# dsw2to3
[](https://github.com/ds-wizard/dsw2to3/releases)
[](https://pypi.org/project/dsw2to3/)
[](LICENSE)
[](https://docs.ds-wizard.org/en/latest/)
CLI tool to support data migration from DSW 2.14 to DSW 3.0
## Usage
### Prerequisites
* DSW 3.0
* MongoDB (with DSW 2.14 data)
* PostgreSQL (with initial DSW 3.0 structure)
* S3 storage (e.g. [Minio](https://min.io))
* Python 3.6+ (recommended to use [virtual environment](https://docs.python.org/3/library/venv.html))
* `postgresql-devel` (`libpq-dev` in Debian/Ubuntu, `libpq-devel` on others)
The machine where you are going to execute the migration tool must have access to MongoDB, PostgreSQL, and S3 storage. See `examples/docker-compose.yml` for reference.
You need to run DSW 3.0 at least once before the data migration, so it initializes your PostgreSQL database (it will create tables and initial data). You can try to log-in with the default user to check if it is initialized correctly.
Don't hesitate to consult with us if unclear.
### Installation
You can install the tool using PyPI:
```shell
$ python -m venv env
$ . env/bin/activate
(env) $ pip install wheel
(env) $ pip install dsw2to3
...
(env) $ dsw2to3 --help
```
Or using this repository:
```shell
$ git clone https://github.com/ds-wizard/dsw2to3.git
$ python -m venv env
$ . env/bin/activate
(env) $ pip install wheel
(env) $ pip install .
...
(env) $ dsw2to3 --help
```
### Important notes
- Migration tool must have access to MongoDB database (data source), PostgreSQL database and S3 storage (target). It needs to be configured in `config.yml`. During the migration (e.g. from DSW or other tool), the data must not change to avoid inconsistency.
- Migration tool does not make any changes in MongoDB, it only reads data from there.
- Migration tool checks if target PostgreSQL database is in expected state (after fresh installation of DSW 3.0).
- Migration tool initially deletes all data from PostgreSQL database before migrating to avoid duplication and inconsistency (for regular use it just removes the default data, e.g., default users).
- Migration tool initially deletes all objects in configured S3 bucket. If the bucket does not exist, it tries to create a new one.
- Migration tool migrates data from MongoDB to PostgreSQL in expected way for DSW as well as from MongoDB (GridFS) to S3 storage.
- You can run the tool with `--dry-run` to check what it will do. During dry run, nothing is deleted, changed, or added (no SQL transactions are committed).
- It may happen that your MongoDB database contains inconsistent data (violating integrity). With `--fix-integrity` you can fix that by skipping data. You should first check what the data are, and then decide if you will fix it manually in MongoDB or migrate without them.
- This tool may improve based on feedback, check new version and update using `pip install -U dsw2to3` if needed.
### Steps
1. Prepare `config.yml` for the migration based on your setup (see `config.example.yml`)
2. Stop DSW in order to prevent changes in data during the migration
3. Archive data from MongoDB (e.g. using [mongodump](https://docs.mongodb.com/manual/reference/program/mongodump/))

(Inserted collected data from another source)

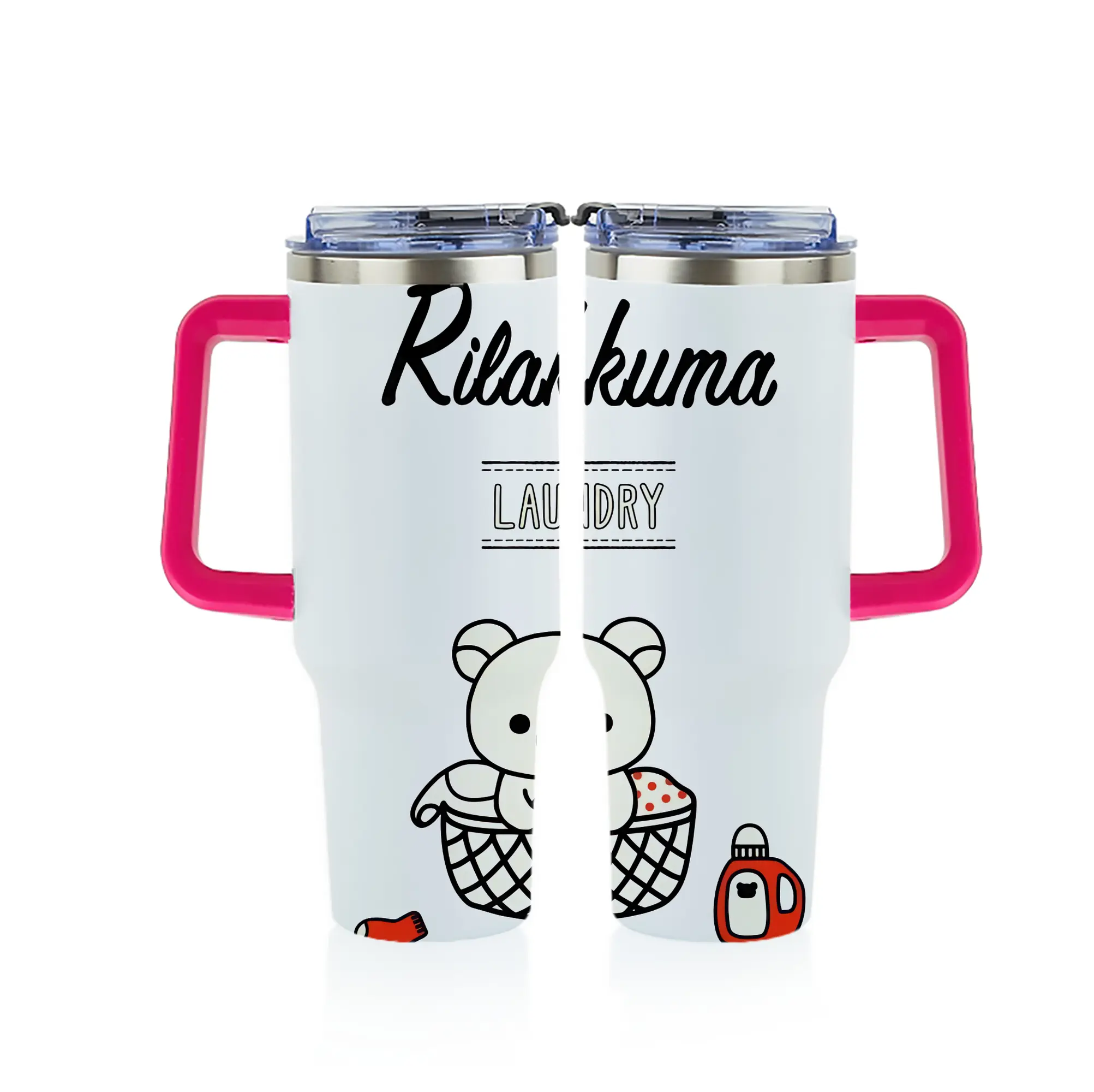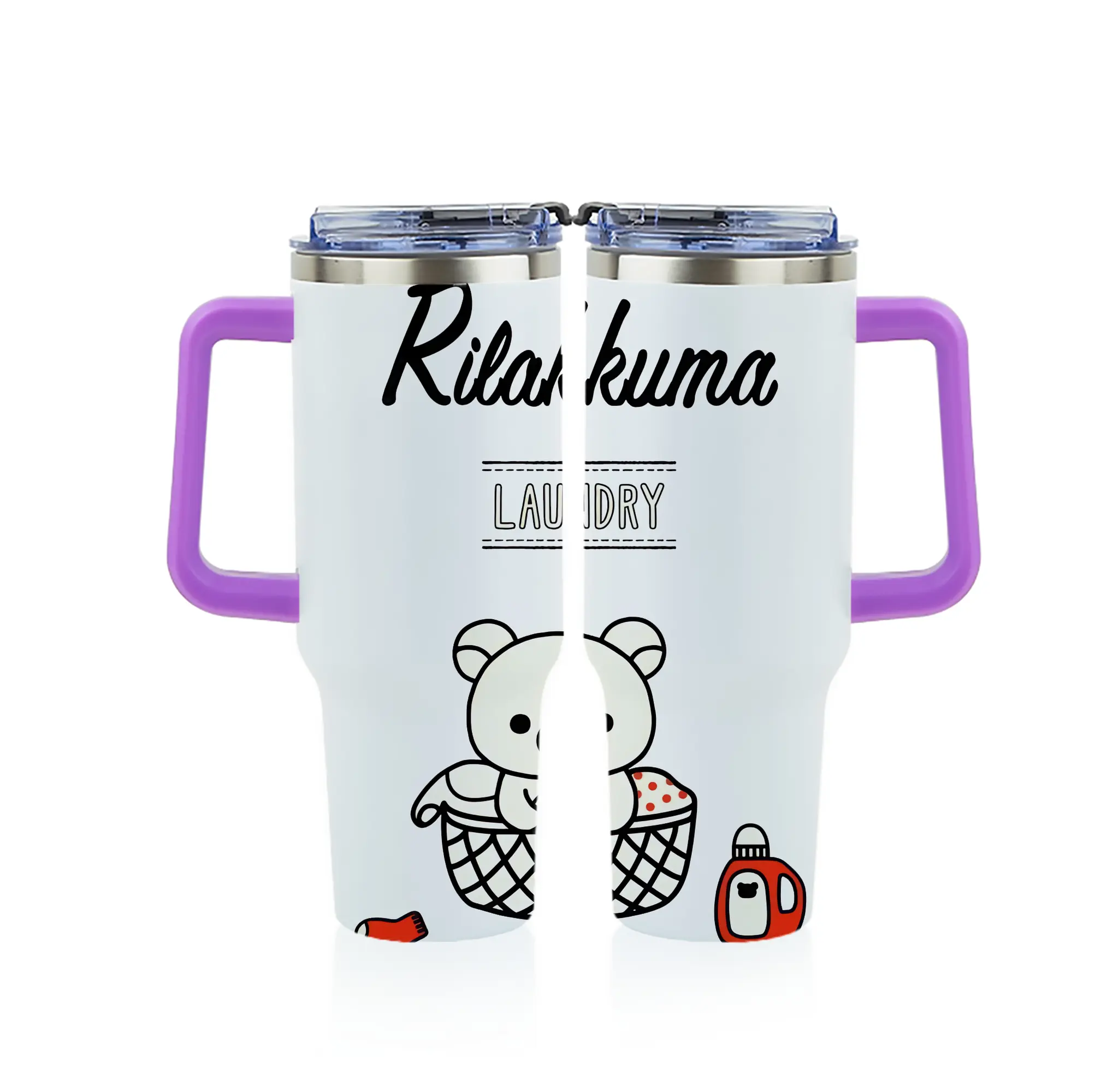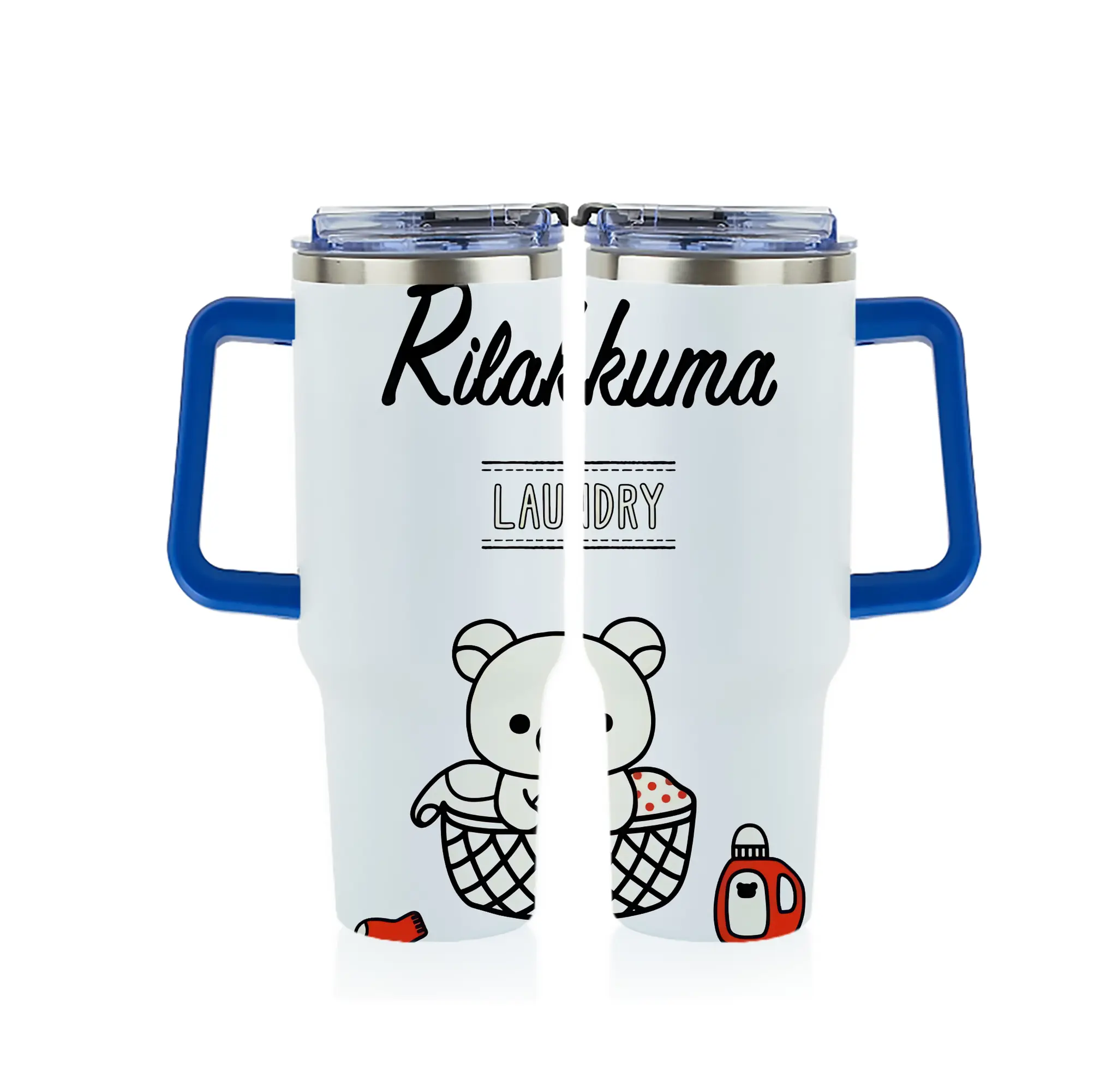 リラックマ (Rilakkuma) グッズ リラックマ (Rilakkuma) - 1200mL フルプリント車用タンブラー ・ 304ステンレス 内側 ・ 201ステンレス 外側 ・ 保温 保冷 ・ 通勤 ドライブ アウトドア用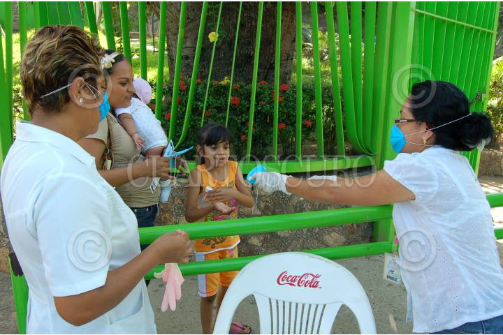 ACAPULCO, GUERRERO, 17JULIO2009.- La Secretaria de Salud en Acapulco entrego en dos días mil 500 tapabocas con medida preventiva por el virus de la Influenza humana teniendo colocado un modulo en las puertas del ayuntamiento y otro en la franja turística dijo la doctora Brisa Giles Hernández FOTO: MARINO D. VALDEZ/CUARTOSCURO.COM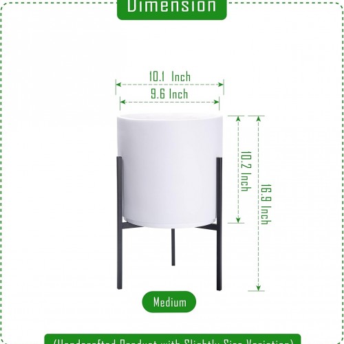 D’vine Dev Modern White Plants Pot Cylinder Planter with Heavy Duty Stand, Medium 10 Inch Pot, 16.3 Inch with Stand Height, 96-T-A-2

4. Run `dsw2to3 -c path/to/config.yml --dry-run` to see how it will work with your configuration
5. Run `dsw2to3 -c path/to/config.yml` (see `dsw2to3 --help` for more options)
6. After migration, run DSW 3.0 and check the migrated data
7. Clean up your deployment (get rid of unused services and configuration files)
In case of error during the migration, follow the details from logs. You can run it with `--best-effort` flag that will skip errors (just log them out).
## Questions and Discussion
If anything is unclear, or you need help, let us know via issue in this repository.
## License
This project is licensed under the Apache License v2.0 - see the [LICENSE](LICENSE) file for more details.